A Florida Power & Light (FPL) begins service restoration in Vero Beach, Fla. after Hurricane Nicole.
Photo: Florida Power & Light (FPL)
Don’t Wait for the Forecast to Make a Call
One in all Salm’s biggest pieces of recommendation is to get in contact early — not when the storm is already on target. Too many fleets wait until the storm path is confirmed, by which era windows of protected movements can have already closed. While Auto Driveaway prioritizes long-standing customer relationships, capability can still turn out to be constrained.
If moving vehicles isn’t feasible, communication is critical. “Sometimes the perfect we are able to do is provide condition assessments and photos post-storm,” Salm said. “Just knowing what you’re coping with helps reduce the uncertainty.”
He also recommends documenting vehicle condition before the storm: “Take walkaround videos or timestamped photos. Insurance claims are much easier when you’ve a visible record.”
The Cost of Ignoring the Risk
Despite advanced warning, the selections made before a storm can mean the difference between preserving a fleet or losing it entirely. Earley shared one sobering example from her time assisting utility fleets after Superstorm Sandy.
“I talked to a fleet manager in Recent York City who had 300 vehicles parked in a structure ahead of the storm,” she recalled. “They were told not to make use of that location — and so they lost all of them when it flooded.”
The lesson: Know the vulnerabilities of your storage locations and vet them fastidiously. “Even in areas that aren’t typically liable to flooding, you possibly can be very surprised,” Earley said.
Smart disaster planning starts with knowing your sites and their inherent risks. Don’t just depend on past weather events; reevaluate your facilities using current floodplain maps and worst-case projections.
Triaging Vehicles, Prepare for Repairs
Through the event, it’s all about staying connected with the supplier network, tracking fuel availability, roadside service activity, and port or plant closures, Germaine said. “In heavily impacted areas, our emergency roadside network shifts to prioritize safety and native emergency coordination.”
Post-storm, the challenge becomes triaging damaged vehicles and restoring service. “For us, it’s like medical triage,” said Salm. “The greens return into service, the yellows might have repairs, and the reds could be auction-bound.”
“Once the immediate threat passes, we conduct outreach to evaluate the condition of client vehicles and any supply chain interruptions,” Germaine said, adding that Wheels triages too, based on operational urgency around coordinating repairs, rentals, or alternative transportation when needed.

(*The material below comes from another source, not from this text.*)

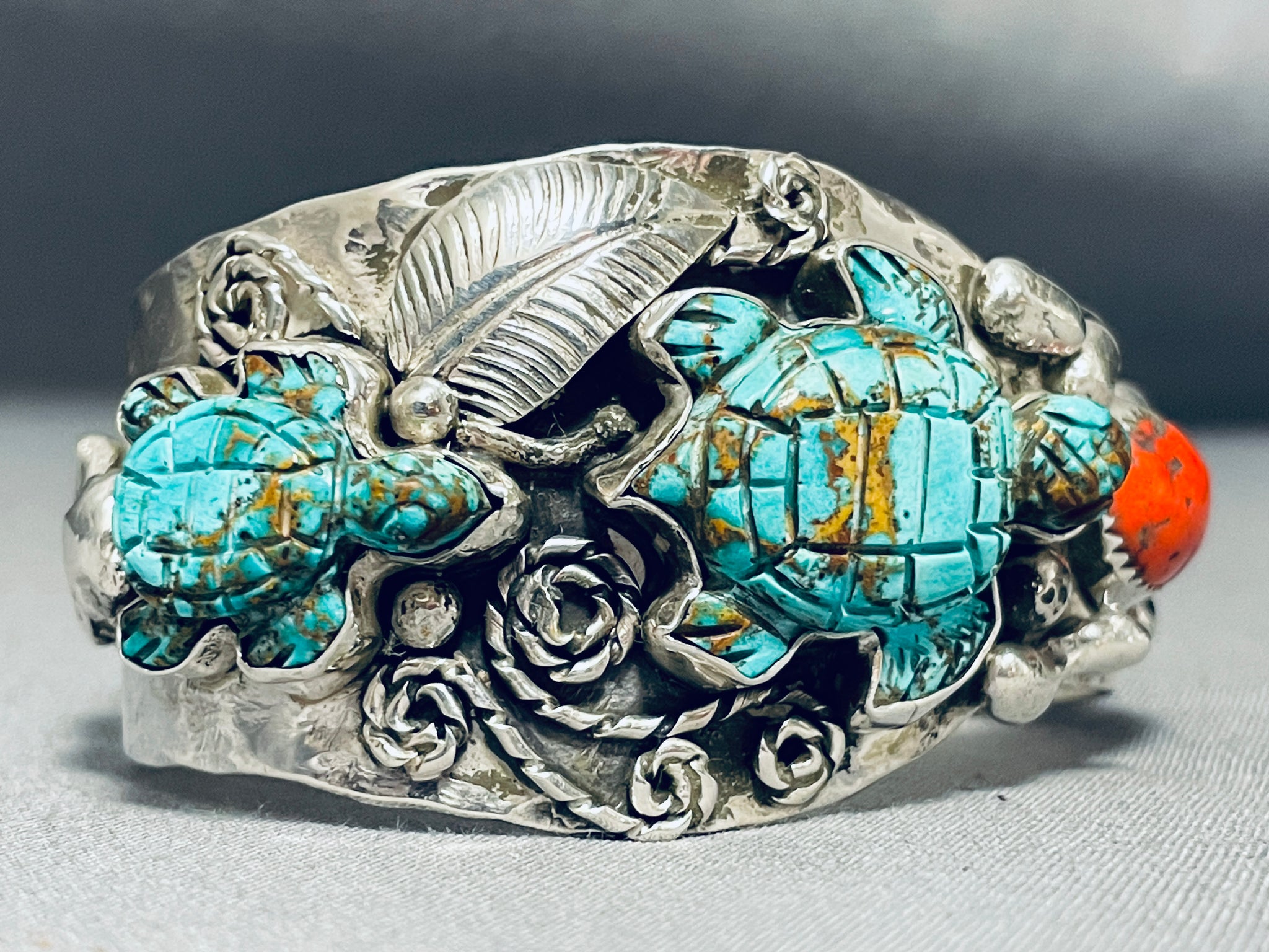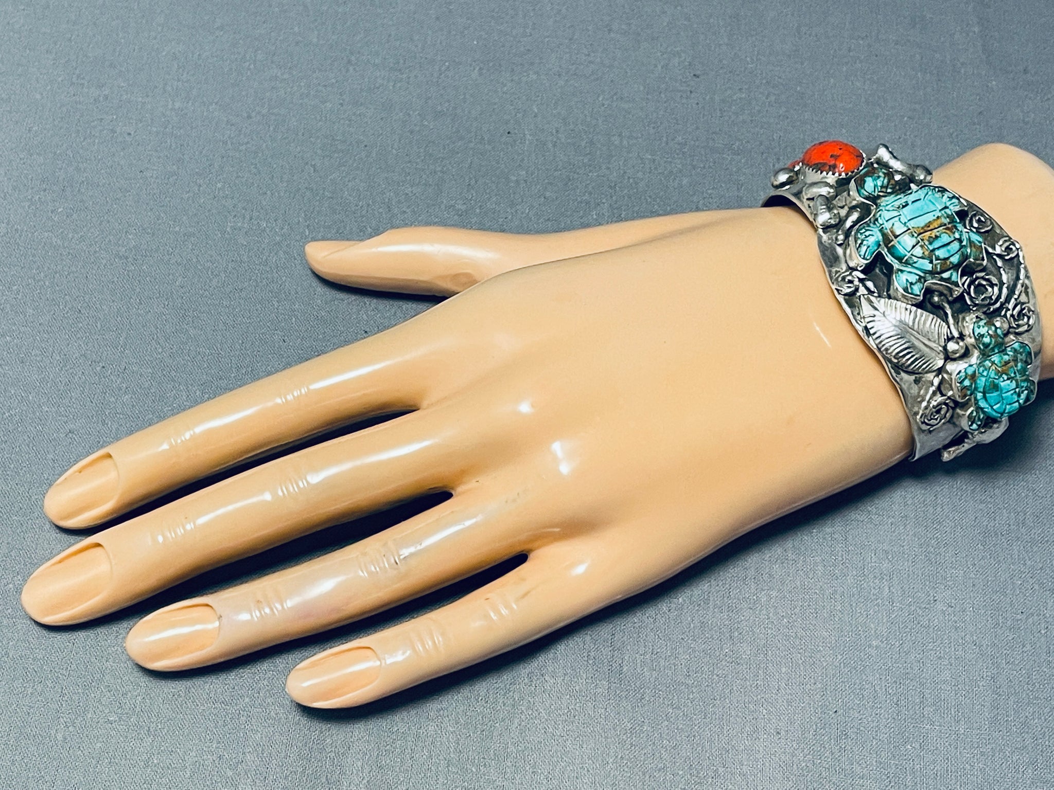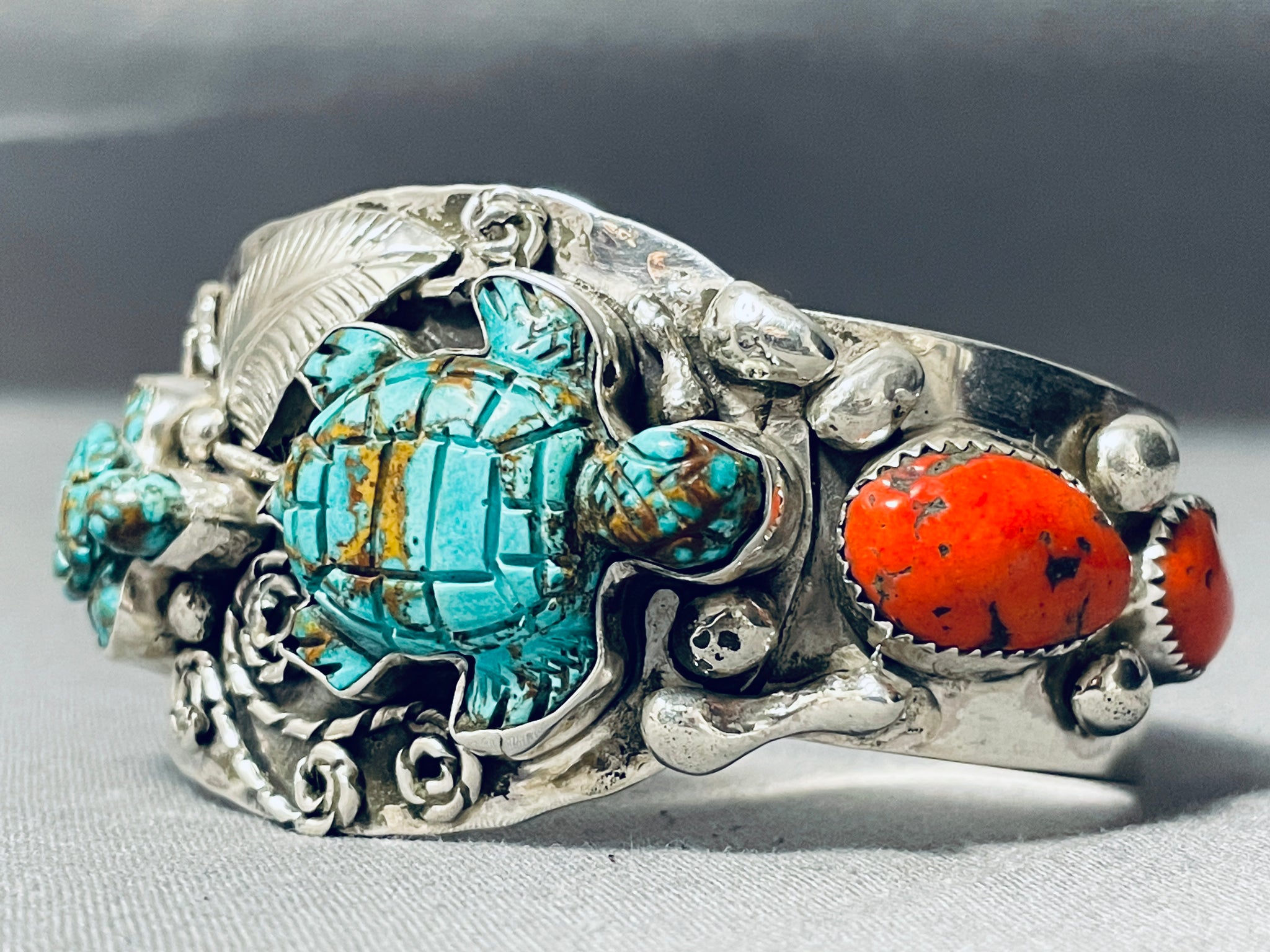 This is a superlative turquoise and coral thick silver bracelet handmade by the famous artist, Francisco Gomez. This remarkable bracelet contains two beautiful hand carved turquoise stones that are carved into turtles. Resting at one end of the cuff are superior large chunky coral stones. The largest turquoise turtle measures around 1-1/4" X 1". Resting throughout the entire bracelet are incredible silver works that consist of hand carved leaves, swirling rope stems, raindrops and chunky silver works. The cuff beautifully waves from one end to the other which is just beautiful. The width of the bracelet measures around 1-3/8". Signed by artist, Francisco Gomez. Sterling silver, marked. Cir. 1970's+. The inside end to end measures around 5-1/4" with an additional 1" gap. Sturdy 62 grams.

Totaled vehicles will need substitute rentals. Fleets with rental agreements already in place will get to the front of the road. “Don’t try to begin that conversation after the storm,” Earley warned.
Earley advised that fleets also prepare for repair facility outages through vendor diversification. Salm agrees: “Even when a facility isn’t damaged, they’re going to be overwhelmed with demand,” he says. “Constructing a relationship with a secondary vendor or knowing where you possibly can tow overflow vehicles is critical.”
Recovery isn’t nearly repairing assets, it’s about protecting operational continuity. Earley suggests maintaining a buffer of ready-to-deploy vehicles by holding over some outgoing vehicles during storm season.
“We delay auctioning a few of our equipment just in case we want it post-storm,” she explained.


A Florida Power & Light (FPL) sets up for storm restoration in West Miami, Fla.
Photo: Florida Power & Light (FPL)
Relationships Are Your Best Asset
Each Salm and Earley emphasized that trusted relationships with logistics providers, vendors, and internal teams are the inspiration of successful disaster response. “Assets will be replaced. People cannot,” said Salm. “But for those who prepare with the correct partners, you’ll protect each.”